The elevator arrangement presented comprises one or more elevators that are in the same elevator hoistway as each aforementioned zoned elevator Z′ to be changed in respect of its range of movement and that are above and/or below the zoned elevator in question that is to be changed, which one or more elevators are also zoned elevators belonging to the aforementioned zoned elevator plurality and also to be changed in respect of their range of movement. For achieving efficient filling of the elevator hoistway, the elevator arrangement comprises in the same hoistway, inter alia, two zoned elevators that are consecutive in the vertical direction, of which the bottommost stopping floor of the upper one is only one floor above the topmost stopping floor (=next floor) of the lower of the aforementioned two zoned elevators. The lobby elevator stops at least one stopping floor of both these zoned elevators. There are preferably a number of these types of zoned elevators consecutively, in which case space usage of the building is efficient.

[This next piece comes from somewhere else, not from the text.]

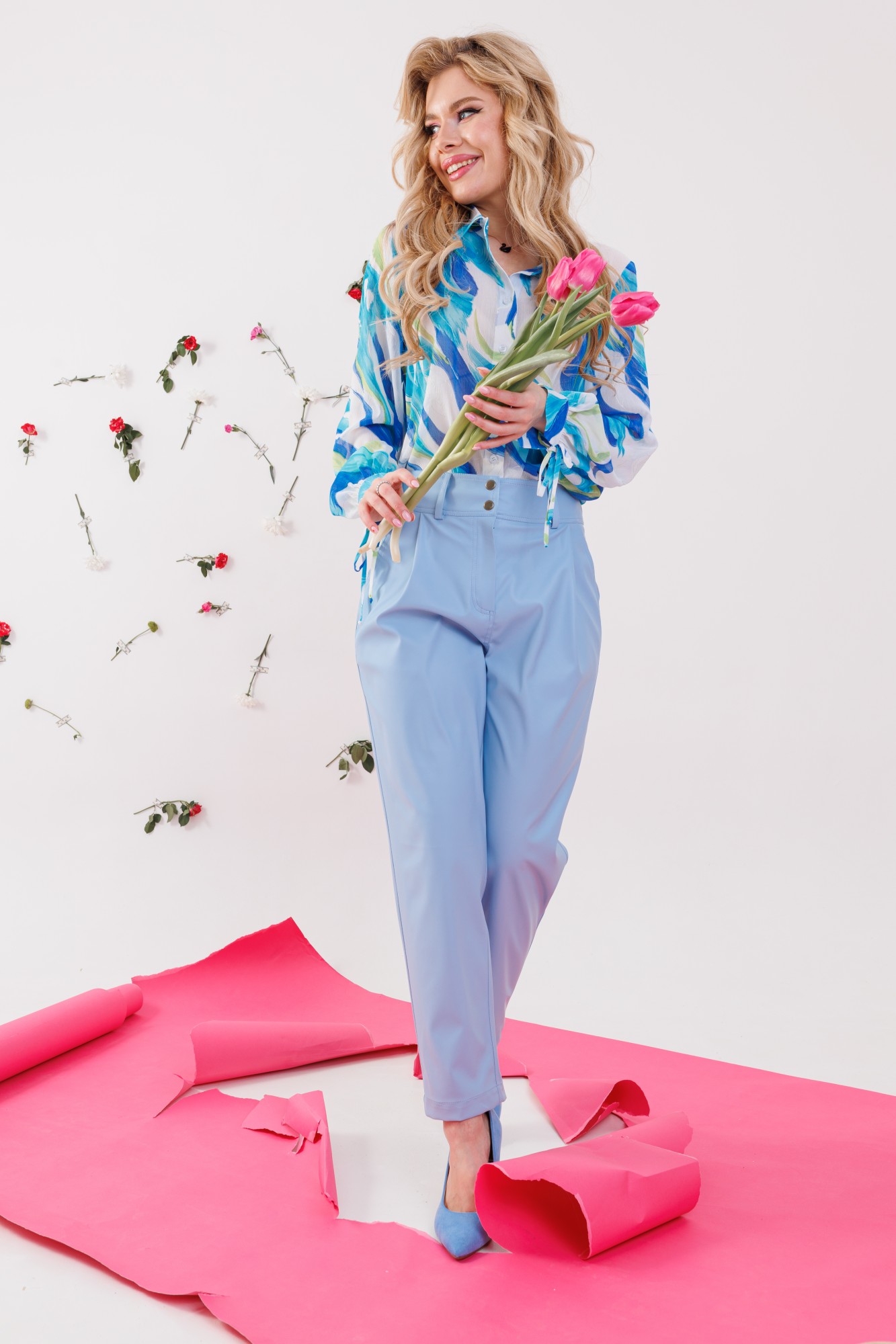Комфортные брюки из экокожи свободного кроя со складками и карманами по переду. Пояс притачной со шлёвками и центральной застёжкой на гульфик и молнию. По спинке изделия накладные карманы.

The layout of the zoned elevators Z′ presented in the figure enables a re-arrangement of the flows of people simply. More particularly, with the solution the route along which the floors can be reached can be changed. Thus, for example, it is possible to even out the load of consecutive zoned elevators Z′ when heavy loading of some zoned elevator is noticed. Likewise an increase or decrease in the service speed of some floors becomes possible. The arrangement thus enables better prioritization of the floors than before. The layout also simply enables the differentiation of companies operating in the building and residential floors from each other such that there is access to certain floors only with a certain zoned elevator, while at the same time access to all floors is however possible with a zoned elevator moving in the same elevator hoistway. Thus, for example, the access control of a company is effective, because a zoned elevator can be designated to a company operating on certain floors or to residential floors, which zoned elevator gives access to these floors and which zoned elevator only stops at these floors and at which floors the only elevators that stop are those that can only be used via access from the lobby floor LF of the zoned elevator in question. The layout presented is advantageous when the zoned elevators must be changed in respect of their range of movement, the elevator arrangement is flexible for later needs for changes because of which it is desired, for one reason or another, to change the ranges of movement. For example, when a company expands upwards or downwards in the building, there can be a need to extend a zoned elevator Z to stop, in addition to the earlier floors, also at the point of the new office floors of the company. In the embodiment presented all the zoned elevators presented can have the top limit and/or bottom limit of the range of movement of their elevator cars changed, but it is obvious that advantages would be obtained even if only some of the zoned elevators presented were to be changeable in this manner.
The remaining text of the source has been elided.